Air Quality Slightly Improving Across Louisiana
The American Lung Association has just released their “State of the Air” report for 2018, and have found that the Pelican State has experienced improved air quality from last year. Cities experiencing the highest increase in air quality values include Alexandria, Houma, Thibodaux, Lafayette, Opelousas, Morgan City, Lake Charles, Jennings, Monroe, Ruston, Bastrop, New Orleans, Metairie, Hammond, Shreveport, and Bossier City. These cities were names among the cleanest cities for short-term particle pollution and experienced zero unhealthy air days.
When looking at long-term particle pollution though, the larger cities did not fare well. Baton Rouge saw increased levels of year-round particle pollution, and was tied 58th for most polluted city in the nation. New Orleans was also tied 66th most polluted city in the nation for year-round particle pollution. This ranking was determined by finding the daily concentration level of tiny solid and liquid particles, and averaging those numbers over the entire year.
Weather plays a key role in the distribution of pollutants across a region or city. If the atmosphere for a given day is unstable, or that there is a lot of lift, than the pollutants will escape straight up into the atmosphere and have limited impact over the surrounding area. If the atmosphere is stable then the opposite is true, and the pollutants will stay at a much lower elevation and closer to the ground surface. Wind speed and direction are also key in determining the efficiency of pollution transport and concentration. As wind speeds increase, the pollutant is dispersed over a larger area, impacting more of the surrounding area, but through that process the pollutant concentration decreases.
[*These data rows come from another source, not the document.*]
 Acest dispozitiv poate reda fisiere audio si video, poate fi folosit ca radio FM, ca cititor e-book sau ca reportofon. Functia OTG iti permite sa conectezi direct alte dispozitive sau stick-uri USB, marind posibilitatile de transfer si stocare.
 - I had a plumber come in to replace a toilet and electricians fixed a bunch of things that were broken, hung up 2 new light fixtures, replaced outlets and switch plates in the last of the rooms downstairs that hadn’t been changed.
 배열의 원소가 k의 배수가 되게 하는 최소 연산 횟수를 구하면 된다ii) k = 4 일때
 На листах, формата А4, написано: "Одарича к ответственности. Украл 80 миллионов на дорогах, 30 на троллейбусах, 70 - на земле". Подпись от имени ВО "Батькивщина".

Each year the ALA provides the “State of the Air” as a sort of report card on the two most widespread outdoor air pollutants, ozone pollution (smog) and particle pollution (soot). These are measured in two ways: average annual particle pollution levels and short-term spikes in particle pollution. Obviously, all pollution can be harmful for public health, but the short-term spikes and quick changes in pollution within 24 hours can have more acute effects such as lung cancer, asthma attacks, cardiovascular damage, developmental and reproductive harm, and even premature death.
As a whole, Louisiana did fairly well in ozone pollution, effectively undergoing fewer unhealthy days compared with the 2017 report. Nationwide, the best progress from the 2017 report came in reducing year-round levels of particle pollution. Unfortunately, this year’s report found Louisiana having levels that were slightly higher than the previous year.